В августе утра стали росистыми и прохладными, и барчуки допоздна валялись в постелях, выезжая на лошадях днём. Спалось хорошо, жара больше не донимала.
В полдень, за день до Яблочного Спаса, мечтая о Ней, белокурой, с голубыми глазами, Аким свернул в сторону леса, и, неспеша, наслаждаясь тёплой погодой, ехал на коне, отводя от лица тонкие ветви деревьев с начинающей желтеть листвой. В лесу было тихо до звона в ушах, и уютно от одиночества, от того, что никто не мешал мечтать и думать.

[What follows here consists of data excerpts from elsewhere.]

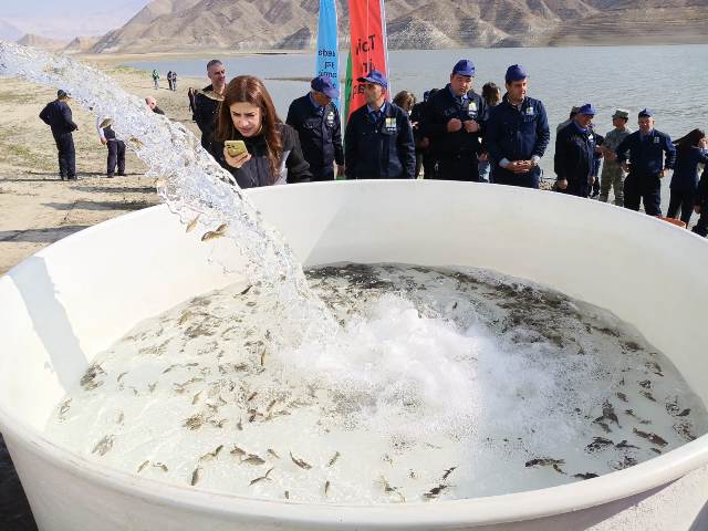 Bu kapsamda, kardeş ülke Azerbaycan Cumhuriyeti Nahçıvan Özerk Cumhuriyeti’ne de 300 Bin adet yavru sazan balığı gönderilerek Haydar Aliyev Su Ambarı’na bırakıldı.
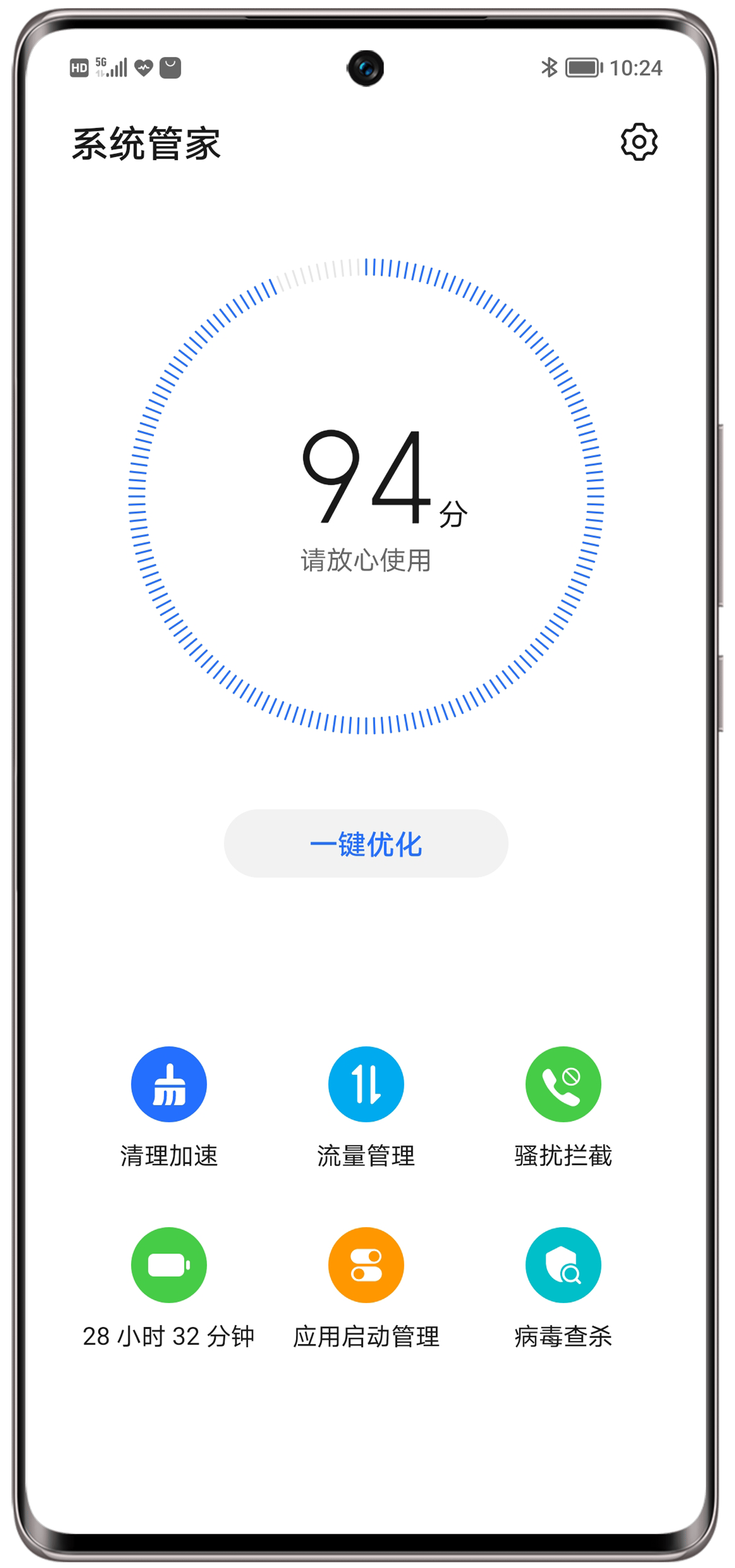 - 进入手机管家/系统管家界面,点击一键优化或立即优化,实现省电续航。
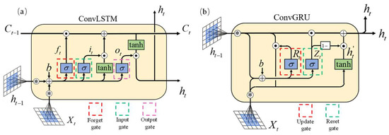 The structure of ConvLSTM and ConvGRU neural networks. (a) ConvLSTM; (b) ConvGRU.
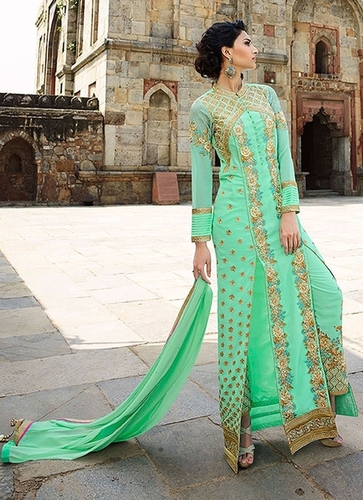 We are instrumental in trading a qualitative range of Churidar Suits including Prodigious Blue Georgette Churidar Suit, Stylish Magenta Georgette Palazzo Churidar Suit, Modernistic Medium Spring Green Georgette Churidar Suit etc.
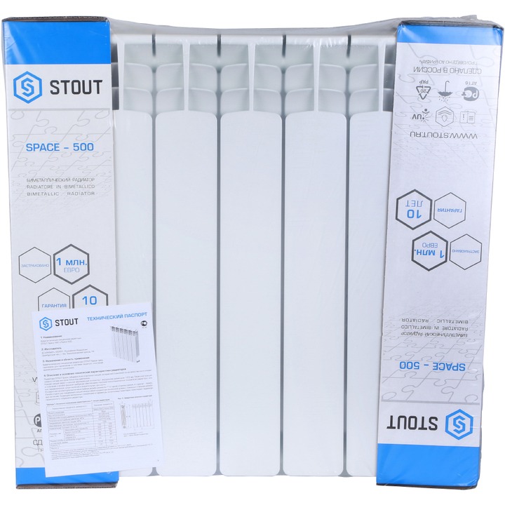 Биметаллические радиаторы Stout Space сделаны в России. Классическая усиленная конструкция со стальным вертикальными коллекторами могут использоваться в системах с центральным отоплением с давлением до 25 бар и температурой теплоносителя до 135 градусов.
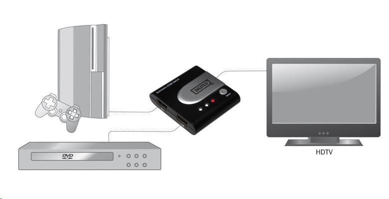 HDMI Switch 2 ->1 automatický  2 HDMI zařízení sdílejí 1 HDMI zařízení (obrazovku). Výběr zařízení je buď automaticky nebo tlačítkem. Podpora 20m HDMI kabelu na vstupu, až 25m HDMI kabelu na výstupu HDMI Switche.   Podpora 3D HDMI rolišení 480i, 480p, 720i, 720p,1080i a 1080p  Podpora modů VGA,SVGA,XGA,UXGA mode  HDMI 1.3b  8bit,10bit,a 12bit barevná hloubka na kanál Výběr vstupu tlačítkem / automaticky. Plug-and-play, není třeba software. - HDCP kompatibilní  V balení: 1x HDMI switch 1x 0.5m propojovací HDMI kabel.
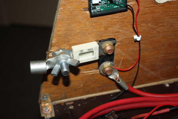 También me fijo en un fusible de 100A carro directamente en el interruptor del aislador. Se trata de un fusible bastante grande y tienes la esperanza de nunca golpes. Pero es un fail safe y no es mala idea.
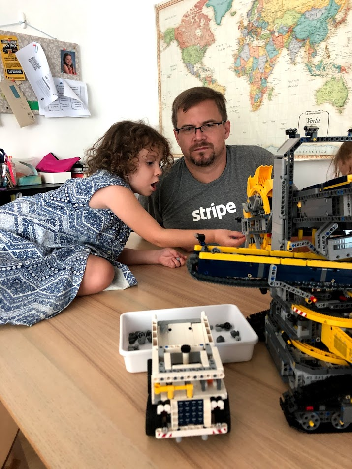 The girls learned about machines, gears and conveyor belts by testing out Jonathan's newest Lego Technics machine. MsE loaded the loose parts into the scoops, and then watched them drop onto the conveyor belt, where they traveled along multiple belts to make it all the way to the dump truck awaiting them. Jonathan later re-made the kit into another machine which used conveyor belts again. In the second version the girls were able to see how machines are able to sort parts by size.
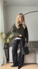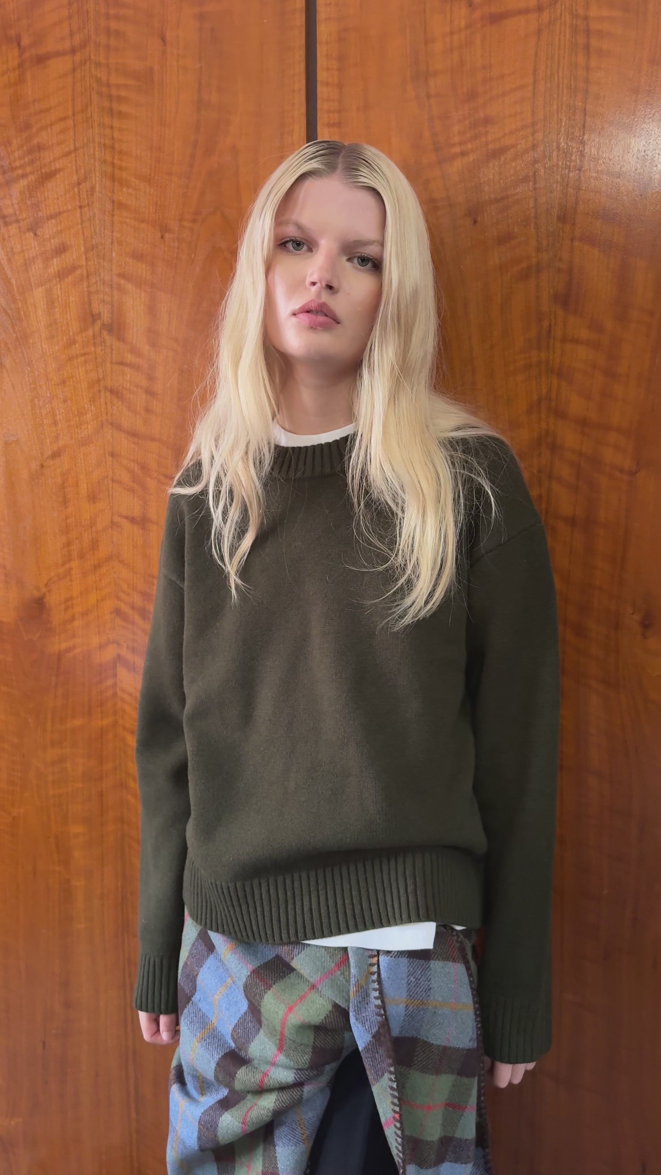 Knitted from 100% pure wool in a deep forest tone, it balances warmth with refinement: soft against the skin, naturally breathable, and designed to drape beautifully. Subtle ribbing at the neck, cuffs, and hem lends gentle structure, while the relaxed fit makes it an effortless layering piece from studio days to winter evenings.

Помидорчик зафыркал, остановившись у кромки воды лесного озера, и шумно затряс головой, гремя удилами. Похлопав коня по шее, Аким спрыгнул на землю и с удовольствием ополоснул лицо, затем промокнул его белоснежным платком и, заметив толстую корягу, один конец которой уходил в воду, снял сапоги и уселся на неё, с удовольствием болтая в воде ногами.
Помидорчик, вволю напившись, деловито щипал траву.
«Куда он тут денется», — подумал Аким, наслаждаясь солнцем, пробивающимся сквозь кроны деревьев, озёрной водой, тишиной и покоем.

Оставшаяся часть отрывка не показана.